▶ **What is needed**
Using the data below, transcribe exactly everything from the line that contains "The model of" down to the line that contains "Pet Bowls With". Include both of those lines and none of the pictures.

▶ **Data extract**
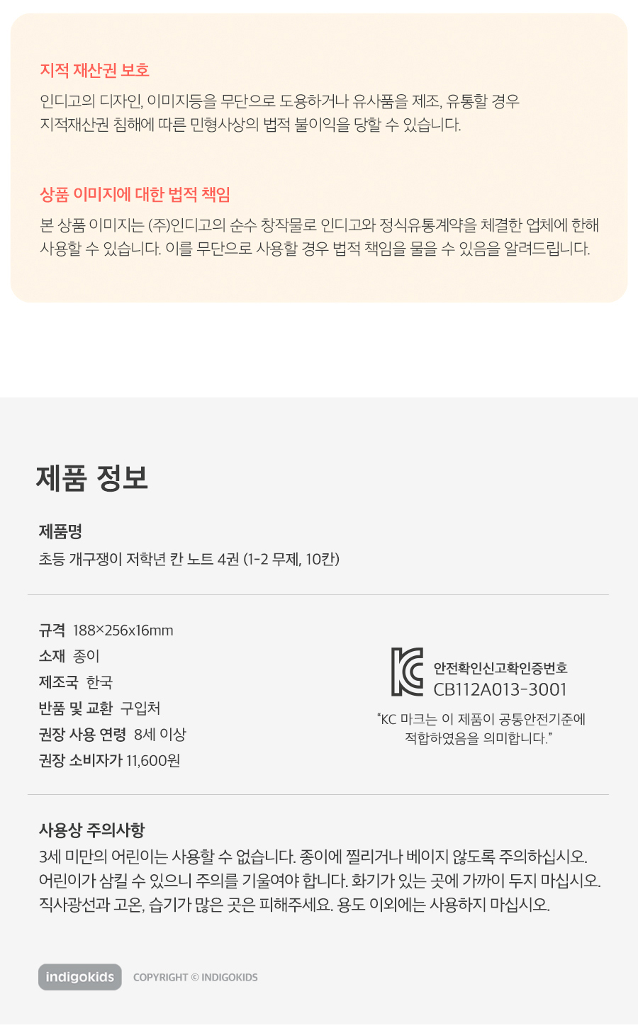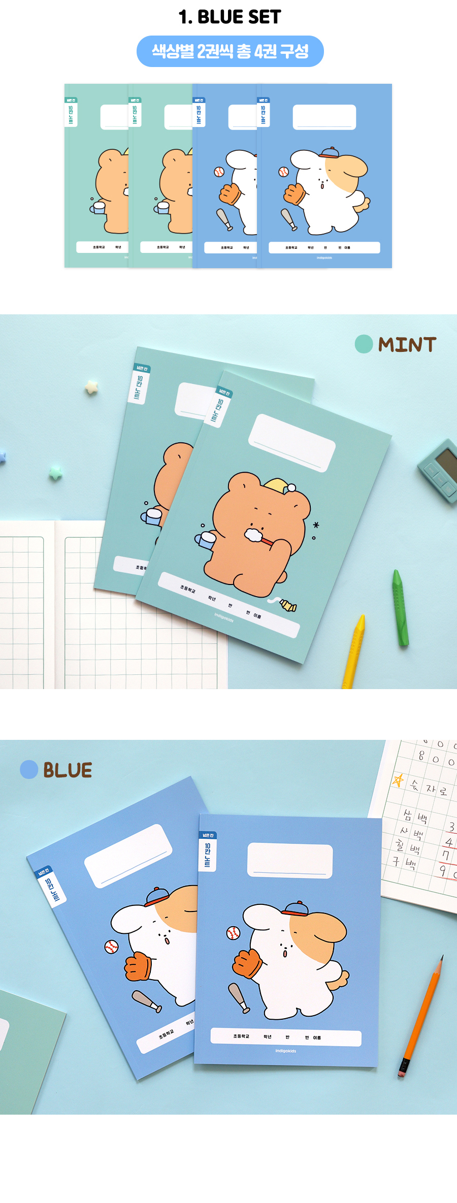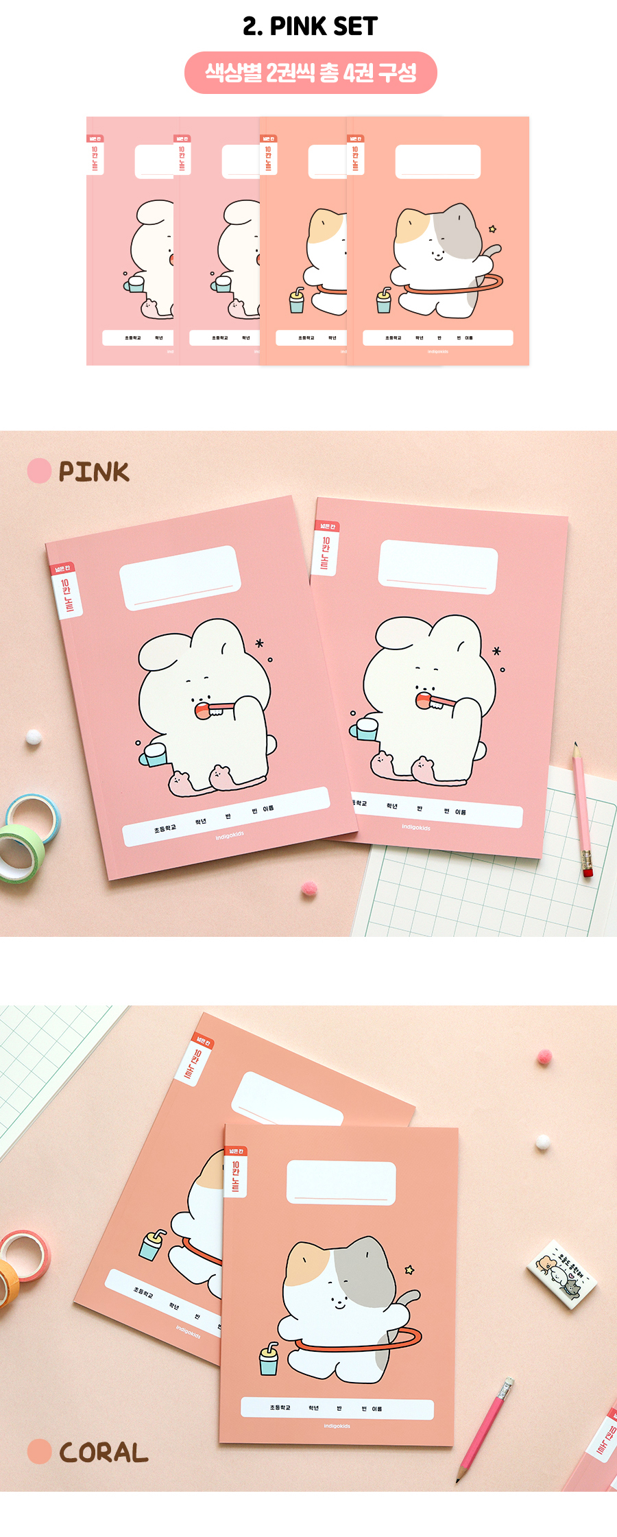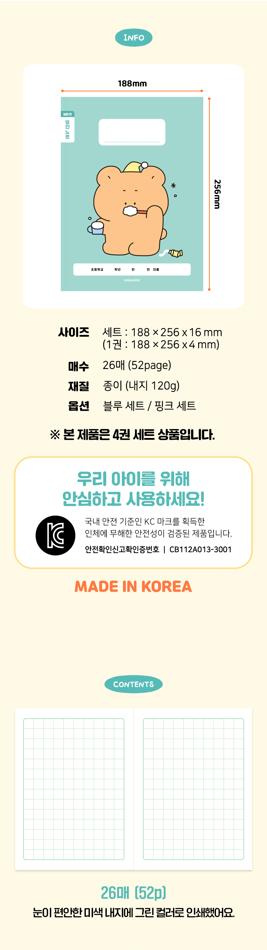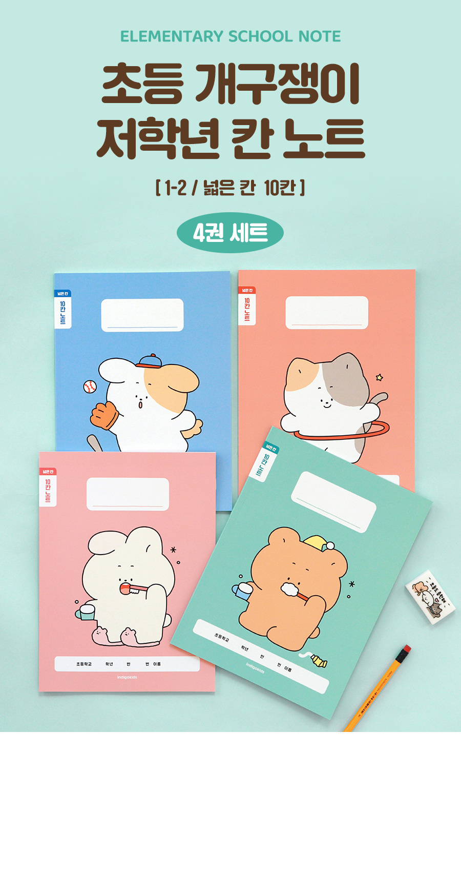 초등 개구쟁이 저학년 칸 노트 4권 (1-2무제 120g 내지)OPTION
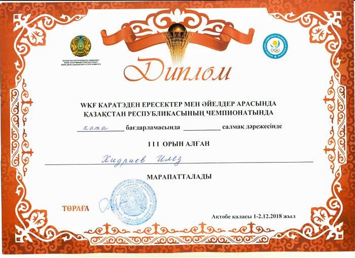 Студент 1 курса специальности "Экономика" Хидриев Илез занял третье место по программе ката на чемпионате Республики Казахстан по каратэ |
---
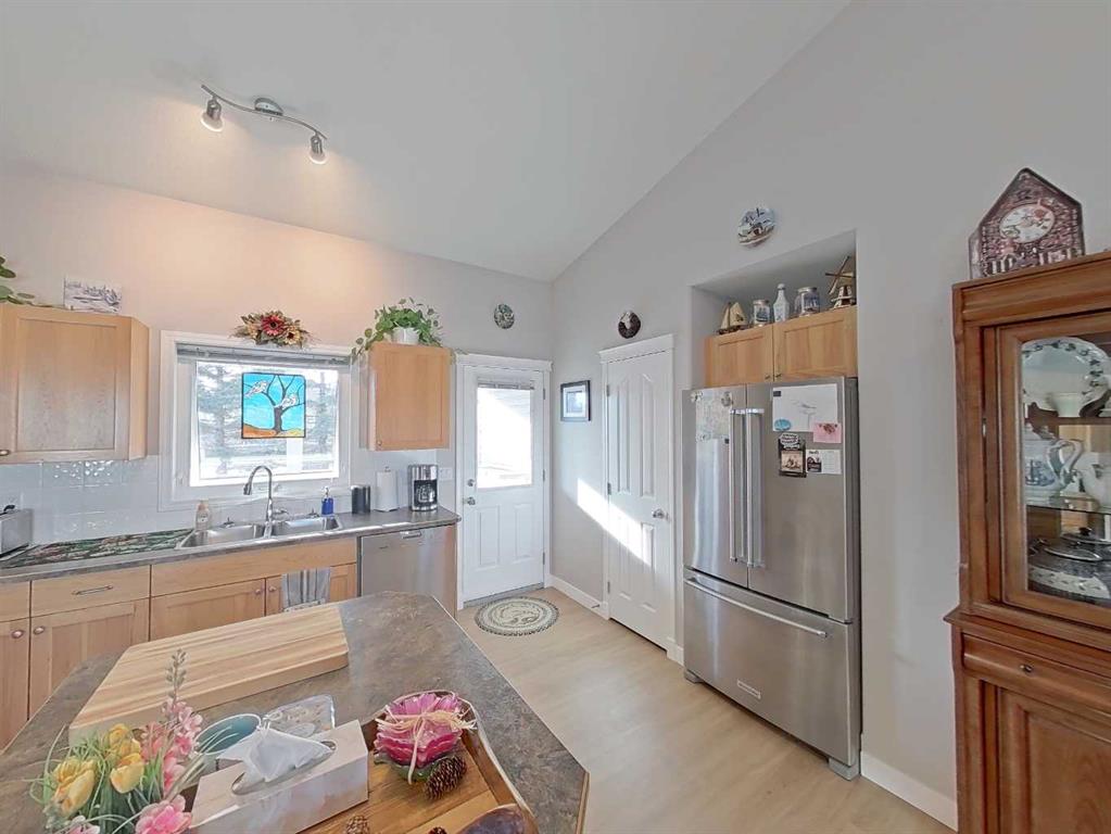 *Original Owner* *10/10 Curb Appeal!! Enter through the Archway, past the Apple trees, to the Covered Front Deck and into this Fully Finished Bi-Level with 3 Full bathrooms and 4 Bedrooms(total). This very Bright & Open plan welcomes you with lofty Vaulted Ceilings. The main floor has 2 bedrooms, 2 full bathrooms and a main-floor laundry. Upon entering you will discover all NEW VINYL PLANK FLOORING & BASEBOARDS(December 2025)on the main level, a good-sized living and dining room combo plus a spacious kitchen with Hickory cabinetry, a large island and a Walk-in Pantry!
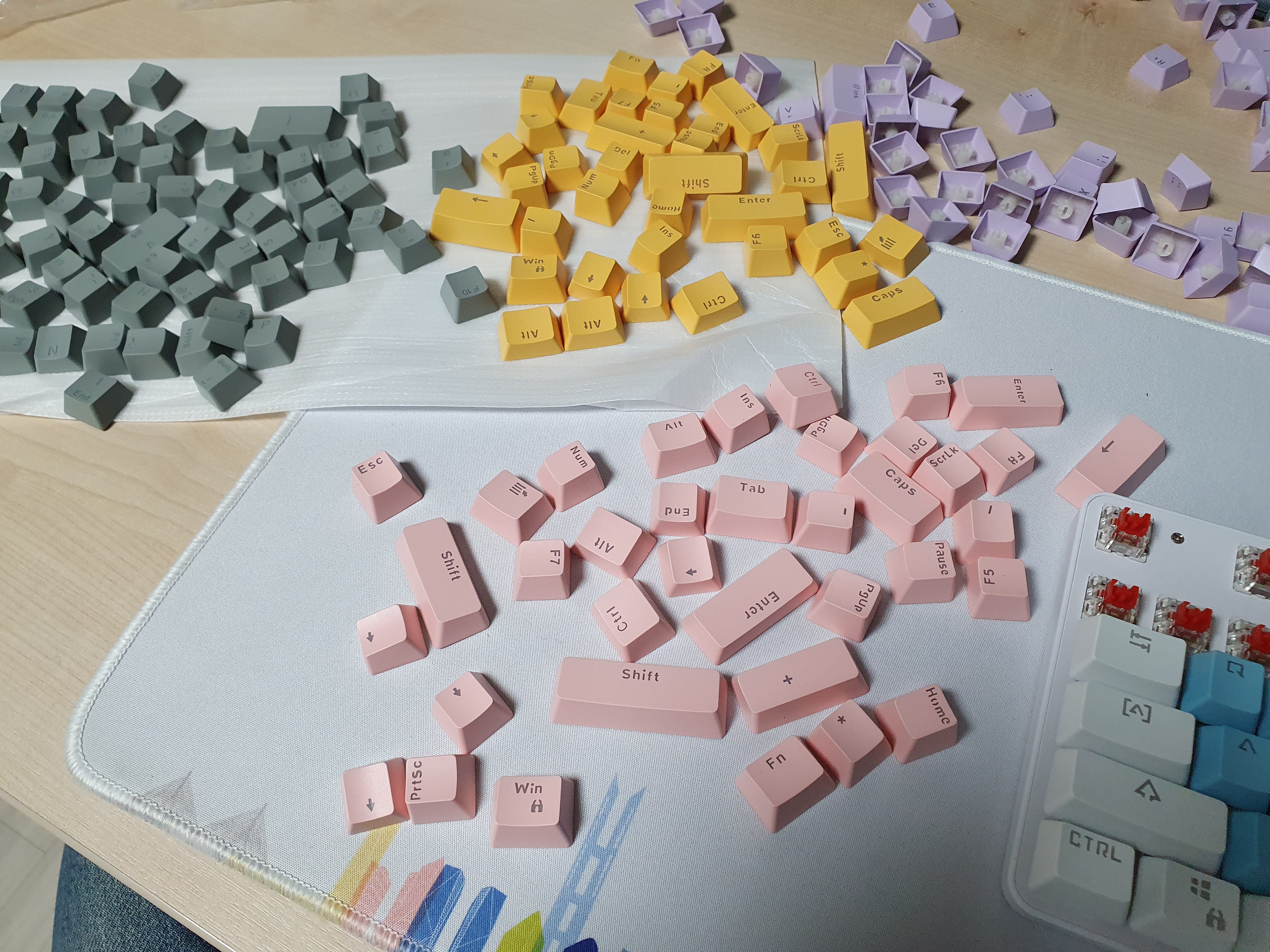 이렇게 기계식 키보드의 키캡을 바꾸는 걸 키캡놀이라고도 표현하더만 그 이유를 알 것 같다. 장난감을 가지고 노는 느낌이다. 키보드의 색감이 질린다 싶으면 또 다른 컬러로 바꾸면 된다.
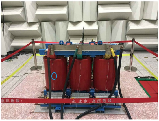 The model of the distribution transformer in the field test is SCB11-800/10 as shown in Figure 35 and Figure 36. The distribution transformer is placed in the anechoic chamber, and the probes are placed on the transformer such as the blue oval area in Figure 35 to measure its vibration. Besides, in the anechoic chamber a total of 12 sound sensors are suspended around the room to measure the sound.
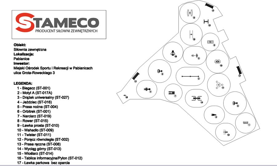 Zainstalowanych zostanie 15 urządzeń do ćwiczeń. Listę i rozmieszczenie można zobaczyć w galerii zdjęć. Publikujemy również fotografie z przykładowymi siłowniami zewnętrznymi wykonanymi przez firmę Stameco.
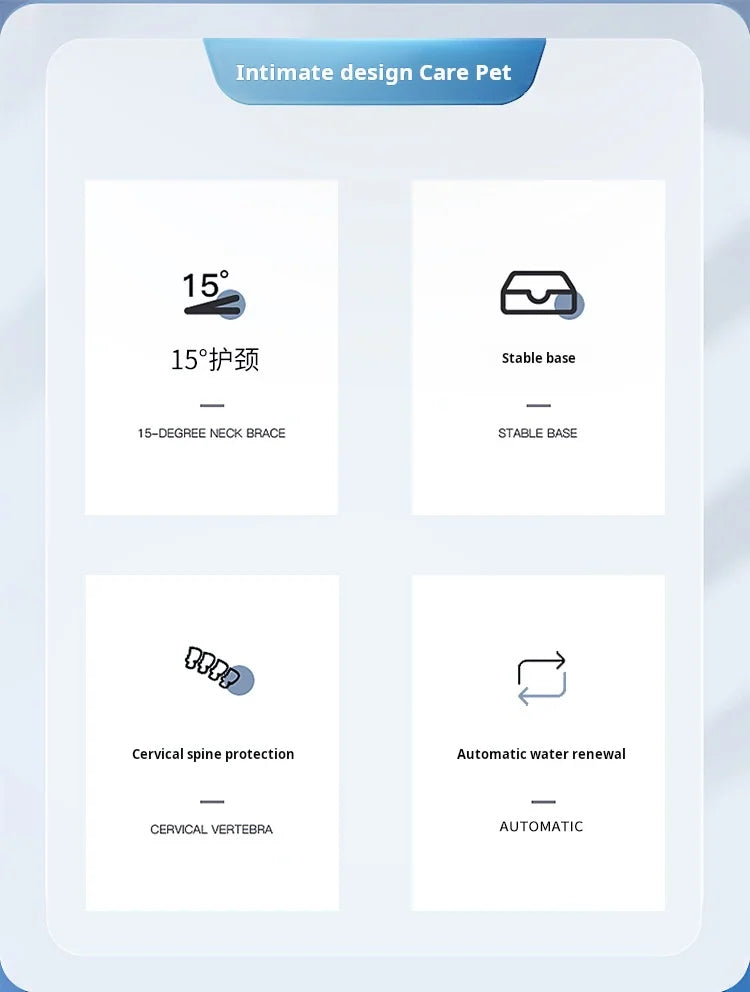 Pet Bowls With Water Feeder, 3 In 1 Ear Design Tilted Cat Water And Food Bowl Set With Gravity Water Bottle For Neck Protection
* * *
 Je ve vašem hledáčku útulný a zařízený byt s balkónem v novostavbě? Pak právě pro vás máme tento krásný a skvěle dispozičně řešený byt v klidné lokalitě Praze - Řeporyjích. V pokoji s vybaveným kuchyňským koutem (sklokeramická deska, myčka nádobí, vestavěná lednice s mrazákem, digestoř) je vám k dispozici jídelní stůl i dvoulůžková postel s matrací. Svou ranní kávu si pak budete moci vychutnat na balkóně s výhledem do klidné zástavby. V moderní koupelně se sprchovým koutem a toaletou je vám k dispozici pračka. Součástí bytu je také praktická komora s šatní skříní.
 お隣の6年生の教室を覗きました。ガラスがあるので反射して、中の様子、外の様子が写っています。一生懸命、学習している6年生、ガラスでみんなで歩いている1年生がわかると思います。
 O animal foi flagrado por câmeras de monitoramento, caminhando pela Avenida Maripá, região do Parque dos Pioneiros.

▶ **Task solution**
 The model of the distribution transformer in the field test is SCB11-800/10 as shown in Figure 35 and Figure 36. The distribution transformer is placed in the anechoic chamber, and the probes are placed on the transformer such as the blue oval area in Figure 35 to measure its vibration. Besides, in the anechoic chamber a total of 12 sound sensors are suspended around the room to measure the sound.
 Zainstalowanych zostanie 15 urządzeń do ćwiczeń. Listę i rozmieszczenie można zobaczyć w galerii zdjęć. Publikujemy również fotografie z przykładowymi siłowniami zewnętrznymi wykonanymi przez firmę Stameco.
 Pet Bowls With Water Feeder, 3 In 1 Ear Design Tilted Cat Water And Food Bowl Set With Gravity Water Bottle For Neck Protection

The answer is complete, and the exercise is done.